La guerre entre la Russie et l’Ukraine a éclaté en février de l’année dernière, ce qui a convaincu la Suède et la Finlande de renoncer à leur politique de non-alignement militaire. Ces deux pays considèrent l’OTAN, avec sa clause de défense collective, comme le meilleur moyen d’assurer leur sécurité. La majorité des membres de l’OTAN ont rapidement ratifié les demandes, arguant que la Finlande, qui partage une frontière de 1 300 kilomètres avec la Russie, et la Suède renforceraient l’alliance dans la région de la Baltique.
La Turquie affirme que la Suède abrite des membres terroristes et a demandé leur extradition pour ratifier l’adhésion de la Suède. Les tribunaux suédois ont bloqué certaines expulsions vers la Turquie, tandis que les rassemblements des groupes terroristes ont irrité Ankara. Le ministre suédois des affaires étrangères, Tobias Billstrom, a déclaré que la liberté de manifester était inscrite dans la constitution, ajoutant que « ce qui est légal n’est pas toujours approprié ».
M. Billstrom a récemment rencontré de nombreux alliés de l’OTAN afin de s’assurer que la demande d’adhésion de Stockholm reste en tête de l’agenda, affirmant qu’il n’y a pas de « plan B » au-delà de l’adhésion de la Suède à Vilnius. La Suède a déclaré que sa position en matière de sécurité était meilleure aujourd’hui qu’avant sa demande d’adhésion à l’OTAN et qu’elle avait reçu l’assurance du soutien de plusieurs pays, dont les Etats-Unis, la Grande-Bretagne et l’Allemagne.

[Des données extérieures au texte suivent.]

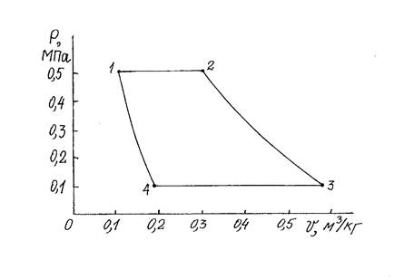 Задачей настоящей работы является расчет прямого термодинамического цикла (см. рис. 2), образованного совокупностью следующих процессов: процесс 1-2 (изобарный, Р = const); 2-3 (адиабатный, РVk = const); 3-4 (изотермический, РV = const); 4-5 (политропный, РVn = const); 5-1 (изохорный, V = const).

Stoltenberg a déclaré qu’il serait inconcevable que l’alliance ne soutienne pas la Suède en cas de menace. La Suède coopère déjà étroitement avec l’OTAN et les mesures d’intégration progressent. La Suède dispose d’une force aérienne puissante et d’une flotte de sous-marins adaptée aux conditions de la mer Baltique, ce qui constitue un atout pour l’OTAN dans la région.
Crise Wagner
D’autre part, il a été souligné dans l’appel que la fin des tensions internes en Russie « a empêché la survenue de tragédies humanitaires irrévocables sur le terrain ukrainien ».
Il a été communiqué à Stoltenberg que la Turquie espère que les récents développements en Russie seront « un nouveau jalon sur la voie d’une paix juste en Ukraine ».
Le groupe paramilitaire Wagner a accusé vendredi les forces russes d’avoir attaqué ses combattants, et le groupe a ensuite quitté l’Ukraine pour entrer dans la ville russe de Rostov-sur-le-Don. En réponse, le Service fédéral de sécurité russe a engagé une procédure pénale contre Wagner pour « rébellion armée ». Le président russe Vladimir Poutine a qualifié le soulèvement de Wagner d’acte de « trahison ».
Le chef de Wagner, Evgueni Prigojine, a ensuite affirmé que ses combattants avaient décidé de faire demi-tour pour éviter une effusion de sang alors qu’ils se trouvaient à 200 kilomètres de Moscou, tandis que le président biélorusse Alexandre Loukachenko a déclaré qu’il s’était entretenu avec le chef de Wagner avec l’accord de Poutine, et que Prigojine avait accepté un accord de désescalade. Ces derniers mois, Prigozhin a accusé à plusieurs reprises le ministère russe de la défense et son ministre de la défense, Sergei Shoigu, de ne pas fournir suffisamment d’armes au groupe paramilitaire.